Contrary to what most teachers will declare publicly, we do have favorite students. Before I had my own kids, I had already been teaching for 9 years, and I always fantasized that one day, my kid would be the Secret Favorite Student. I had students whose families I wanted to be "just like." These parents would attend my class activities, come to my Parents' Nights, and I would think: That's how I'm going to be when I'm a parent. I will be one of the ones the teachers silently praise and think: "That's how you raise a great kid."
And then, my oldest went to pre-k, and he started to go through some interesting phases. There was the "Making The Teacher Repeat Herself A Million Times Phase." There was the "I Will Question Everything The Teacher Says Because I Think I Know More Than She Does" phase. And the "I'd Much Rather Roll Around On The Carpet When The Teacher Tells Me To Sit Quietly For Circle Time" phase. And, my personal favorite: the "Let's Gang Up On That Kid In The Playground And Punch Him For No Reason" phase.
I would drop him off in the morning and one of the very proper morning-duty teachers would stiffly greet him, "Good morning, Ben." I wasn't sure if I imagined the pinched facial expression that accompanied the greeting, but I was pretty sure I could detect dread and judgment in her voice. I remember the morning she complained that the day before, he'd refused to clean up his area, and she'd had to explain to him "very clearly" that he was, in fact, going to pick up because she said so. (Let me note here that I agree with her 100%...it's just that I always got the feeling that she didn't think we were trying to enforce that at home.)
That very same teacher gave a Parents Workshop one evening on behavior and discipline. I attended, of course, not only because it seemed that, just maybe, I did not know everything there was to know after all, but also because I was afraid she (and the rest of the staff) would certainly search the sign-up list for our names and snub their noses if ours weren't there: "See? That's why their kid behaves that way..." Maybe my husband was right when he insisted to me later that there was no way she was talking specifically about our kid the entire hour (hmmm...maybe THIS is where my son gets his It's-All-About-Me Attitude?), but there were two times when she specifically pointed out some of Ben's "personality traits." One of those times, she even nodded at me, and said the words: "Like in your case, with Ben." So yeah, I wasn't completely, totally, irrationally paranoid.
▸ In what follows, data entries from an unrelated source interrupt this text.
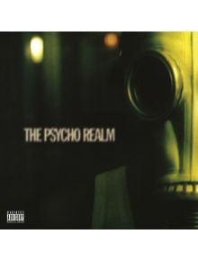 Размазано изображение с газова маска в близък план, надпис "THE PSYCHO REALM" в центъра и етикет със съвети за родители загатват за ъндърграунд рап атмосферата на The Psycho Realm - The Psycho Realm (2 VINYL) в тъмнозелен цвят.
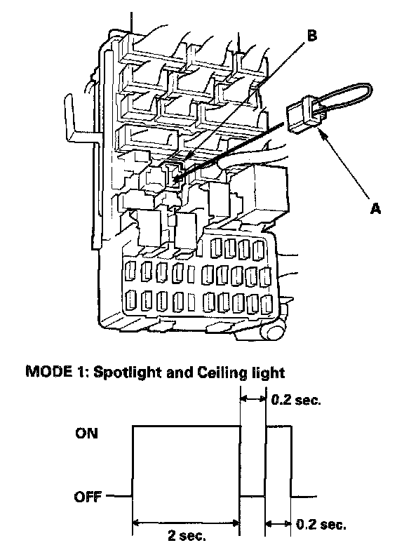 8. If the DTCs are present, the spotlight and ceiling light will blink to indicate the DTC(s). If more than one DTC is present, the DTCs will be displayed in ascending order. If there are no DTCs the spotlight and ceiling light will not blink again after the Mode 1 indication.
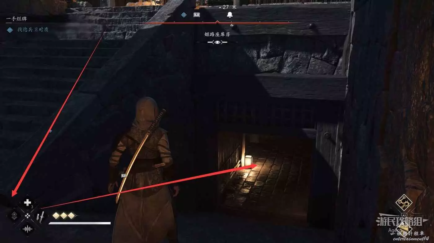 劇情後努諾·卡羅躲到了樓上,進入建築然後找樓梯上樓。
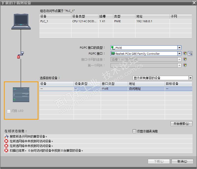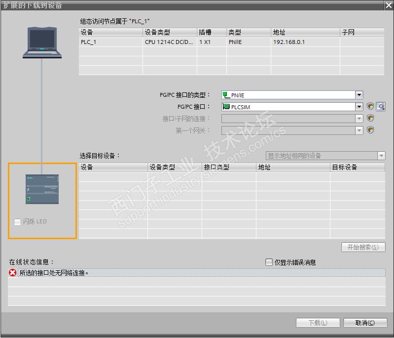 一,如果点击“保存项目-编译-下载”,PC/PG接口的下拉菜单里几个选项全部用过,还是仿真不了。
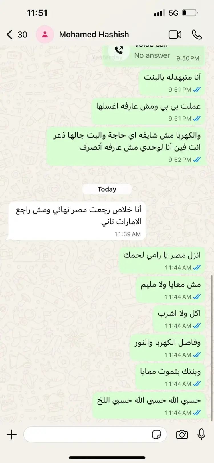 حاولت التواصل معه ولكن دون جدوى، قبل أن تتلقى رسالة منه يؤكد فيها أنه غادر الإمارات إلى مصر، تاركا إياها وابنتها دون أموال أو مرافق أساسية للحياة.
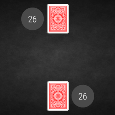 El juego se juega con una cubierta estándar de 52 tarjetas.Los trajes son ignorados en este juego.Trata todas las cartas, para que cada jugador tenga 26. Los jugadores no miren sus cartas, sino que los mantienen en un paquete boca abajo.El objeto del juego es ganar todas las cartas.Ambos jugadores ahora giran su tarjeta superior boca arriba y ponlos en la mesa de lado a lado.Los jugadores repiten esto hasta que haya dos cartas del mismo rango (por ejemplo, dos tomas).Luego, el jugador jugó la última carta toma todas las cartas entre las tarjetas con el mismo rango (las tomas en este ejemplo).Luego el jugador puso las cartas en la parte inferior de su cubierta.El juego continúa de la misma manera hasta que uno de los jugadores tiene todas las cartas.Él es el ganador y el otro pierde el juego.Esto puede llevar mucho tiempo.

Fast forward 3 years and one more kid...
Yesterday, Hubby and I attended our littlest one's end-of-year party. We were standing there, taking pictures of him eating a cupcake shaped like a graduation hat, and thinking about how quickly the years went by...Both of our boys had grown up and gotten ready for kindergarten at this sweet, little school, and now it was time to go. After 4 years, we would no longer be taking a little boy to "Purple Door" every day for morning drop off. Where had the years gone? Where had our baby boys gone? And what would we do without the teachers from this little place, who had cared for our boys and taught them their ABC's?
This same teacher must have overheard us, because she walked over and said, "So, this is it, huh? The ending?" Hubby and I responded with melancholic yes's.
"You know," she said, "I've always been very impressed with the two of you."
WHAT? Surely, I had misunderstood?
"I was always so impressed," she continued, "by your parenting...the time you two always dedicate to your boys...the way you've raised them. In fact, I told my daughter that when she has kids, THIS is how I want her to be..."
I was so stunned and so moved, I could barely utter a thank you.
All that time, I had been so worried about what someone else was thinking of my parenting. I was sure that she thought we weren't doing a "good enough" job. And all along she was, in fact, watching and judging, but I was completely wrong in my assumption. Maybe my concern of what she thought had a whole lot more to do with what I was thinking of our parenting (and our kid) back then, than it did about her. But still, why did I care back then?
And why do I still care? Why did it feel so good to hear her say that yesterday? Why should anyone else's opinion serve as proof that we're good parents?
After I left, I cried the whole way to work. I'm not even sure why. I felt so raw, already, this week...so aware of the passing of time...so aware that Life is happening. All the time. And we just shuffle around, trying to do our best. Trying to do everything that needs to be done every day, to be the Best Wife/Friend/Daughter/Teacher/Mother/Self, and to take it all in and savor it as we do so. To really feel life.